(What is required) Everything in the listing should be set down exactly, apart from the pictures.

[Opening Information shown section]

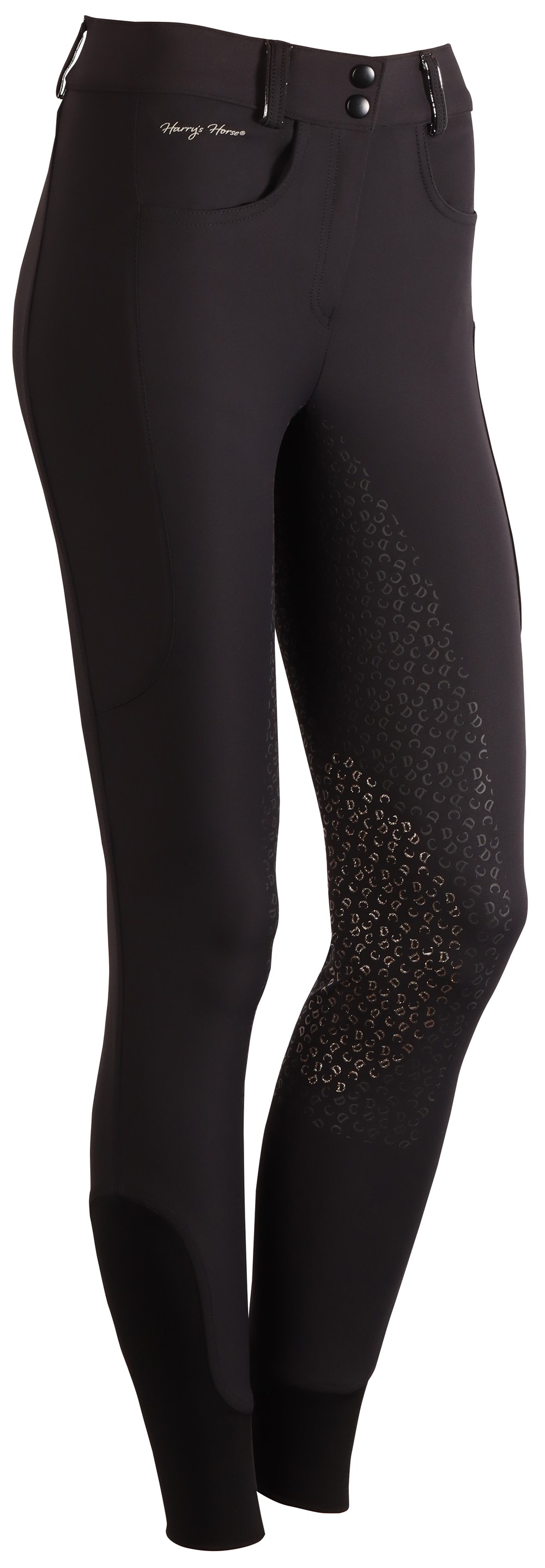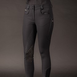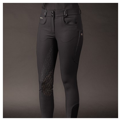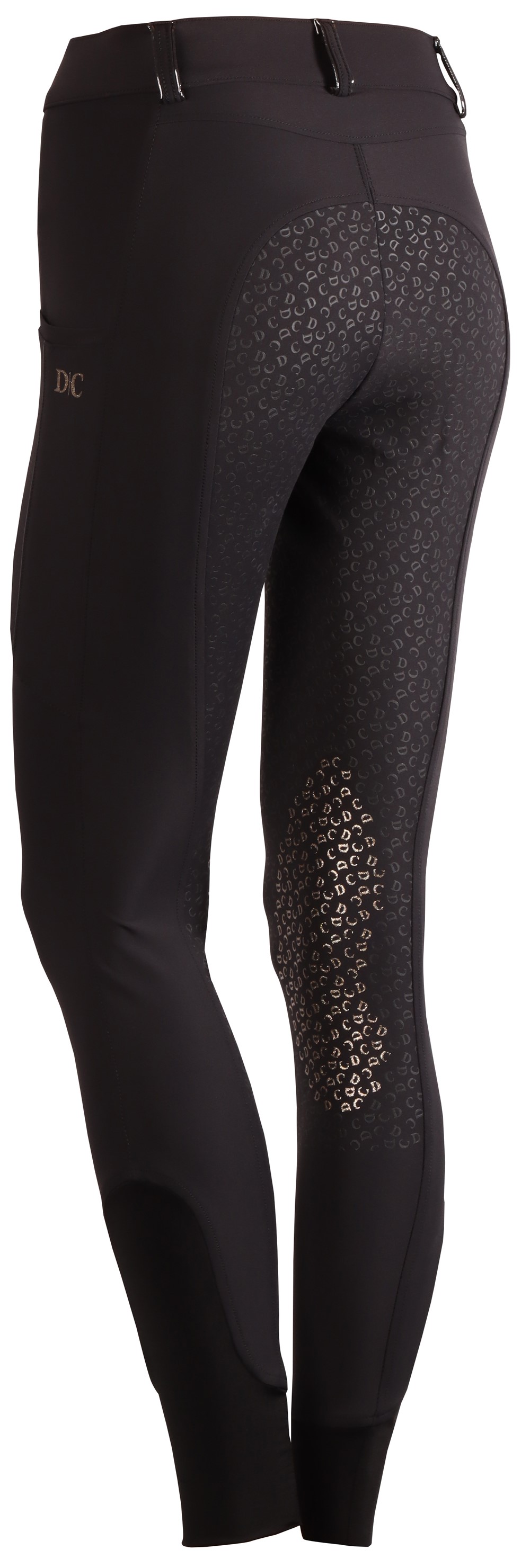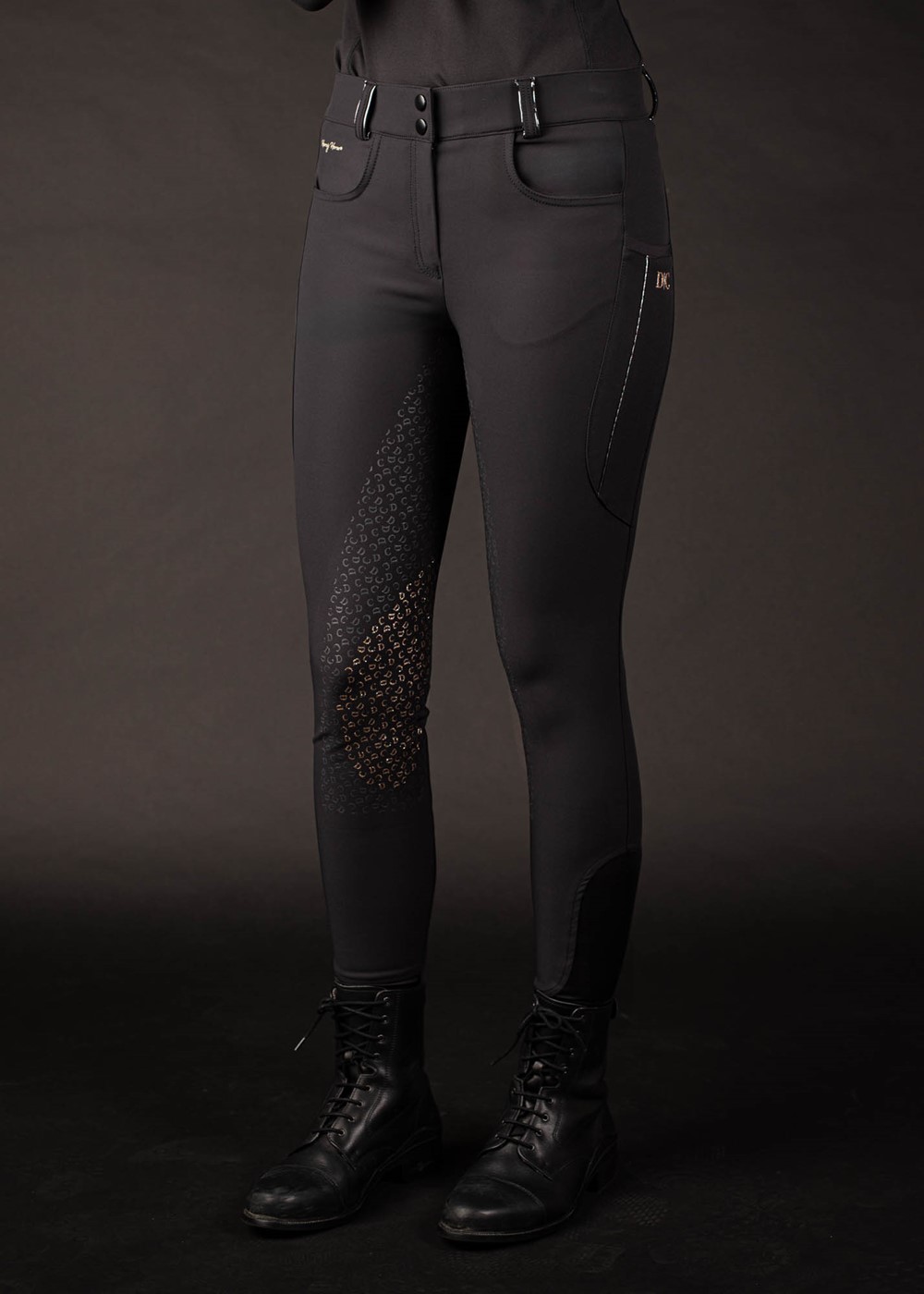 Pantalon d’équitation avec passants de ceinture ornés d’un passepoil à paillettes discret, deux poches fendues, une poche pour téléphone sur le côté gauche avec passepoil pailleté et logo Denici Cavalli en silicone pailleté. Doté d’un fond intégral cousu avec impression en silicone, incluant un effet pailleté subtil au niveau des genoux. Empiècement élastique autour de la cheville pour plus de confort dans les bottes d’équitation.
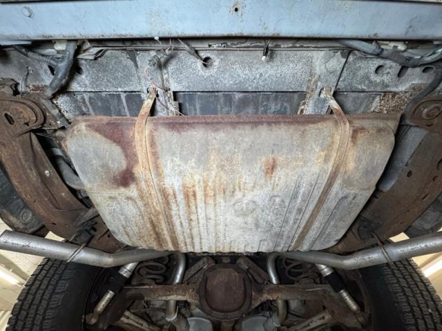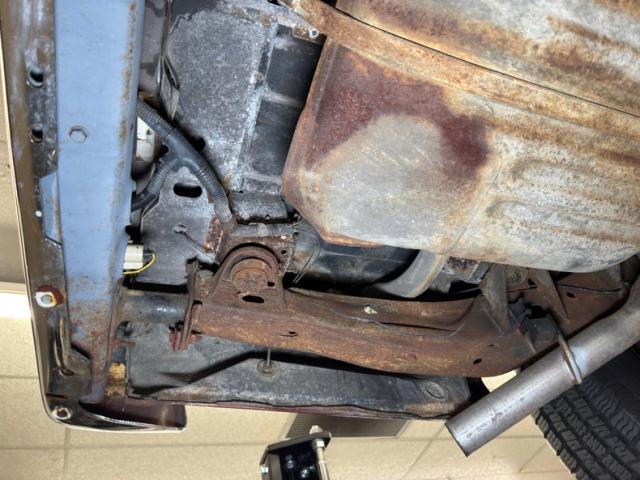 Typical and extensive surface rust is present mixed with dry condition and some rust through on stamped panels is noted. Power disc brakes are employed up front and power drums at the other end. Dual exhaust flows from the headers to Turbo mufflers and exit just behind the rear wheels and fender. There is no catalytic converter on board. Suspension consists of coil springs up front and a 4 link with coil springs in back.
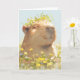 Esta deliciosa tarjeta de capibara recibe a los huéspedes con un ilustracion reconfortante de un capibara con ojos cerrados y lleno de contenido, que disfruta en un prado adornado con flores silvestres vibrantes. El capibara, con una suave corona de vegetación, desprende un ambiente tranquilo y alegre, ideal para los amantes de los animales y de la naturaleza. Su suave acuarela le confiere un encanto excepcional, por lo que es una opción ideal para aquellos que aprecian el arte animal tranquilo y las escenas de la vida salvaje. Perfecto como regalo o placer, esta carta aporta un toque de serenidad a la naturaleza.
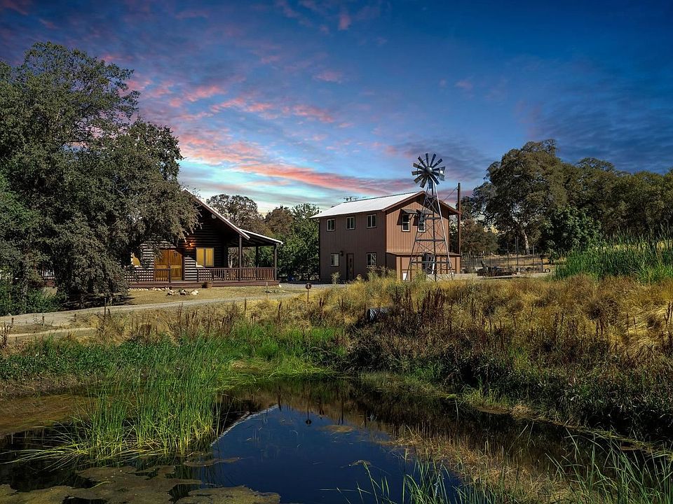 Work, live and recreate all on this one amazing property in Angels Camp! Everything you've ever dreamed of on one beautiful property...incredible 4 bdrm, 3 bth 2197 sq ft remodeled Log Cabin home, two ponds (one fully stocked with fish), a drive through shop with car lift, Barn with rooms upstairs and down and two big roll up doors, Additional garage with room for another living unit upstairs, two wells on the property. 6.2 useable acres, fenced and cross fenced perfect for raising livestock and horses. Zoned A1-Ag Mixed Use Zoning,2 meters on property, 1 commercial (barn/offices/shop),1 residential (home). RV Space and full hookups and semi accessible. Enjoy the fruit trees and vines: plum, pear, cherry, pluot, fig, grape, peach, apple, olive. Log home is stunning with newly remodeled kitchen and bathrooms complete with granite counters, SS appliances, cathedral ceiling with master bedroom loft upstairs. A MUST SEE PROPERTY!! Info deemed reliable but should be verified.

[Closing Information shown section]

(Answer area)
 Pantalon d’équitation avec passants de ceinture ornés d’un passepoil à paillettes discret, deux poches fendues, une poche pour téléphone sur le côté gauche avec passepoil pailleté et logo Denici Cavalli en silicone pailleté. Doté d’un fond intégral cousu avec impression en silicone, incluant un effet pailleté subtil au niveau des genoux. Empiècement élastique autour de la cheville pour plus de confort dans les bottes d’équitation.
 Typical and extensive surface rust is present mixed with dry condition and some rust through on stamped panels is noted. Power disc brakes are employed up front and power drums at the other end. Dual exhaust flows from the headers to Turbo mufflers and exit just behind the rear wheels and fender. There is no catalytic converter on board. Suspension consists of coil springs up front and a 4 link with coil springs in back.
 Esta deliciosa tarjeta de capibara recibe a los huéspedes con un ilustracion reconfortante de un capibara con ojos cerrados y lleno de contenido, que disfruta en un prado adornado con flores silvestres vibrantes. El capibara, con una suave corona de vegetación, desprende un ambiente tranquilo y alegre, ideal para los amantes de los animales y de la naturaleza. Su suave acuarela le confiere un encanto excepcional, por lo que es una opción ideal para aquellos que aprecian el arte animal tranquilo y las escenas de la vida salvaje. Perfecto como regalo o placer, esta carta aporta un toque de serenidad a la naturaleza.
 Work, live and recreate all on this one amazing property in Angels Camp! Everything you've ever dreamed of on one beautiful property...incredible 4 bdrm, 3 bth 2197 sq ft remodeled Log Cabin home, two ponds (one fully stocked with fish), a drive through shop with car lift, Barn with rooms upstairs and down and two big roll up doors, Additional garage with room for another living unit upstairs, two wells on the property. 6.2 useable acres, fenced and cross fenced perfect for raising livestock and horses. Zoned A1-Ag Mixed Use Zoning,2 meters on property, 1 commercial (barn/offices/shop),1 residential (home). RV Space and full hookups and semi accessible. Enjoy the fruit trees and vines: plum, pear, cherry, pluot, fig, grape, peach, apple, olive. Log home is stunning with newly remodeled kitchen and bathrooms complete with granite counters, SS appliances, cathedral ceiling with master bedroom loft upstairs. A MUST SEE PROPERTY!! Info deemed reliable but should be verified.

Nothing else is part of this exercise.